== Provided information

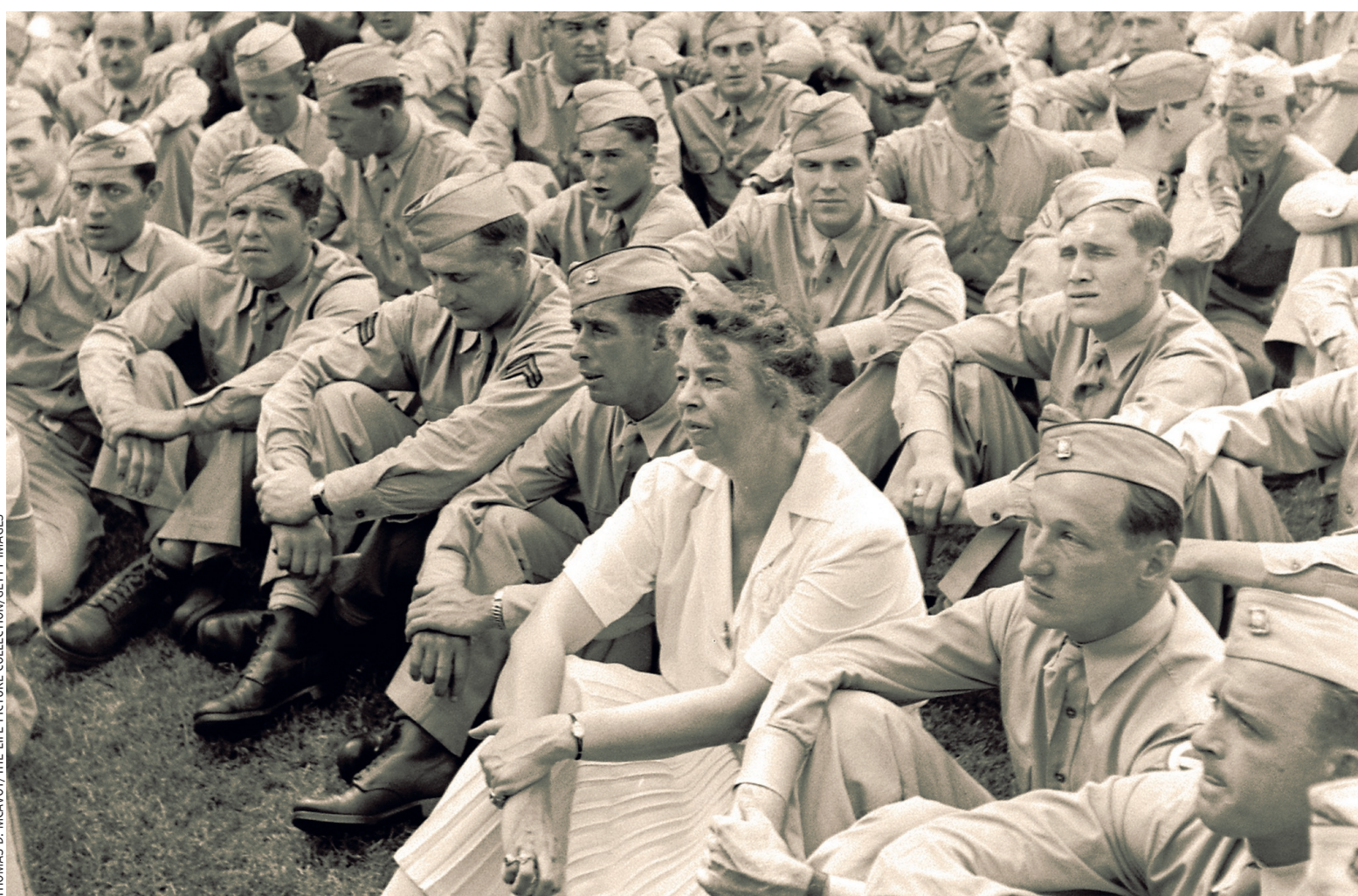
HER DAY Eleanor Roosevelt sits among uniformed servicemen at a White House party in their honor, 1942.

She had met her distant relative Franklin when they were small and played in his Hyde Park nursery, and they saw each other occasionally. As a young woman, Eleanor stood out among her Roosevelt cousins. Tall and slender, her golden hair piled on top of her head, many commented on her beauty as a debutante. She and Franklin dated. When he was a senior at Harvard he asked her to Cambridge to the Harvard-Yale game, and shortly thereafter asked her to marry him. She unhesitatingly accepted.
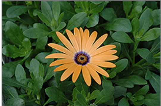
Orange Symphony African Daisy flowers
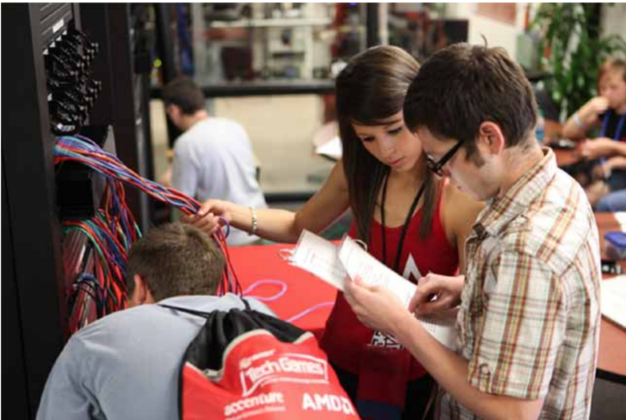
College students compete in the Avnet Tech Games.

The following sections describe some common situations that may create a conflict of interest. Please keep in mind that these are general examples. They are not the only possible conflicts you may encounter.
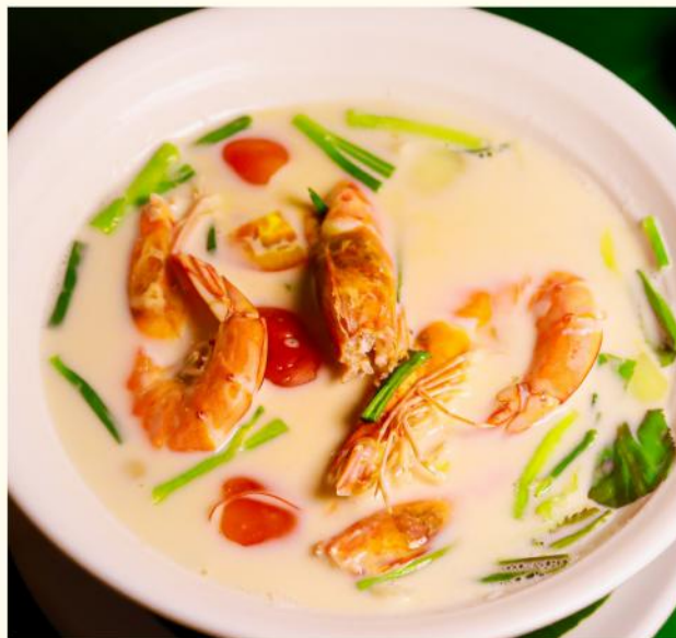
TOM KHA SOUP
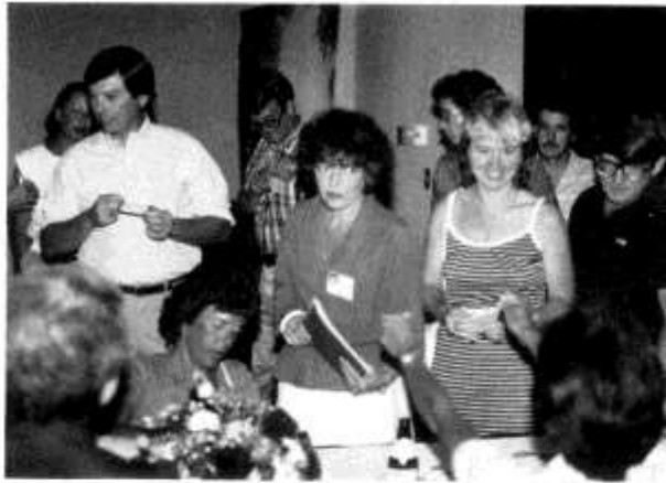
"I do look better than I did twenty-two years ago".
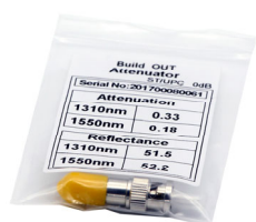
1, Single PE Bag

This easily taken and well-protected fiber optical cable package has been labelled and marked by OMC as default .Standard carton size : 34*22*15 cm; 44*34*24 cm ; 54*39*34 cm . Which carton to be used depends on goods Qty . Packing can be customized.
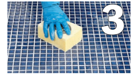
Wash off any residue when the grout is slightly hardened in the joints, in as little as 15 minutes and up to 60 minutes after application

====

Whenever a picture appears in the listing, leave it out; copy everything else exactly.

HER DAY Eleanor Roosevelt sits among uniformed servicemen at a White House party in their honor, 1942.

She had met her distant relative Franklin when they were small and played in his Hyde Park nursery, and they saw each other occasionally. As a young woman, Eleanor stood out among her Roosevelt cousins. Tall and slender, her golden hair piled on top of her head, many commented on her beauty as a debutante. She and Franklin dated. When he was a senior at Harvard he asked her to Cambridge to the Harvard-Yale game, and shortly thereafter asked her to marry him. She unhesitatingly accepted.
Orange Symphony African Daisy flowers
College students compete in the Avnet Tech Games.

The following sections describe some common situations that may create a conflict of interest. Please keep in mind that these are general examples. They are not the only possible conflicts you may encounter.
TOM KHA SOUP
"I do look better than I did twenty-two years ago".
1, Single PE Bag

This easily taken and well-protected fiber optical cable package has been labelled and marked by OMC as default .Standard carton size : 34*22*15 cm; 44*34*24 cm ; 54*39*34 cm . Which carton to be used depends on goods Qty . Packing can be customized.
Wash off any residue when the grout is slightly hardened in the joints, in as little as 15 minutes and up to 60 minutes after application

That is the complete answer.